Breaking ECDLP with a Quantum Computer: Resource Estimates from Google's Latest Research

Ok so, first of all, I read through this entire white paper manually. Didn't use any AI. No, I don't want a cookie for that, but I did want to make sure I really understood what was being stated here and not just gloss over it. Also, I didn't want to risk any hallucinations. So anyway, here it is. Here's what I took from the paper.

Google feels like the threat is so real that it's got to the point where it would be irresponsible for them to publish details of the attack vectors. So they decided to publish what they call a ZK proof (Zero Knowledge) which allows trustless third parties to verify the cryptographic claims without knowing the attack details. The ZK proof that they've published demonstrates two quantum circuits that they've compiled for solving the 256-bit ECDLP (Elliptic Curve Discrete Logarithmic Problem). This is actually one of the first times a ZK proof has even been used in practice. They've been discussed a lot before in the security community but only really theoretically.

What their analysis shows is that Quantum Computers can be used to execute a variety of attacks by cracking public keys, which I'll explain more below. Because of this, existing cryptocurrencies need to be upgraded to using Post Quantum Cryptography (PQC) to mitigate the possibility of these keys being broken.

PQC Blockchains actually already exist. A few are Qunatum Resistant Ledger (QRL), Mochimo, and Abelian.
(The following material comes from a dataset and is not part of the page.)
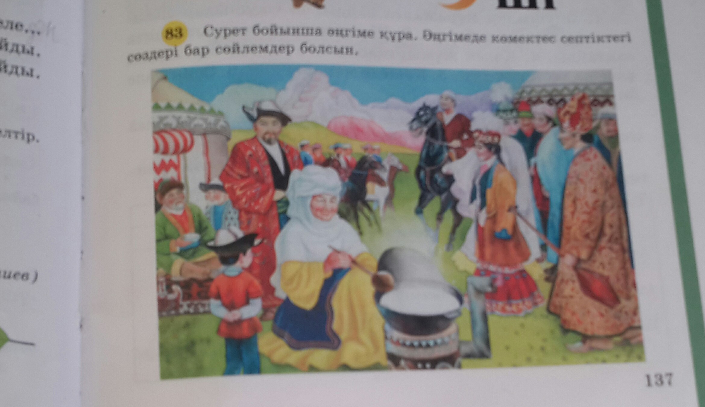 Көктем. Көктемде наурыз көже дейтін мереке бар. Əжесі наурыз көже пісіріп жатыр. Балалар атпен жарысып жүр

Algorand, XRP, and Solana are actively experimenting with PQC protocols.

PQC protocols would only fix the problem of active crypto wallets though. But dormant assets, for example BTC locked in P2PK (Pay to Public Key locking scripts - estimated to be around 1.7 million BTC) will inevitably be vulnerably to attackers with Quantum Computers. This means the BTC community will face the choice of adhering to the immutability principle of the network or throwing that idea out in order to save the locked assets. The other crazy thing about this is that some of these funds are are 'permantly' locked away due to people just losing their keys. I'm sure we've all heard the story of the guy who's been searching landfills looking for that lost hard drive. James Howells says his ex-girlfriend mistakenly threw away a hard drive that he says has 8,000 BTC on it, back in 2013. Considering the all time high value of $116,523 per bitcoin, that's about $932,184,000. Almost a billion dollars. And that's not the only bitcoin that's been lost. It's easy to imagine attackers going after that if they have the capability to, which the Google Researchers say will be a reality sooner than we think. The researchers propose that maybe there should be some type of legal framework around recovering lost digital assets similarly to how there is for recovering sunken treasure. All of these funds are suseptible to what are known as "At-Rest" attacks.

• On-Spend Attacks

  AKA "short-range" or "just-in-time" attacks. These attacks require a quantum computer that's fast enough to derive a private key from the public one within the window of time between when a transaction is initially broadcasted to the network and when it is recorded onto the blockchain.

• At-Rest Attacks

  AKA "long-range" or "long-exposure" attacks. These attacks go after public keys that have been sitting out in the open for a while, such as dormant wallets like discussed above. The attacker has days or longer to execute these types of attacks.

• On-Setup Attacks

  A back-door is created off-line using a quantum computer. Bitcoin is immune to these but some scaling solutions like Ethereum's Data Availability Sampling Mechanism, or other privacy protocols like Tornado Cash are also vulnerable.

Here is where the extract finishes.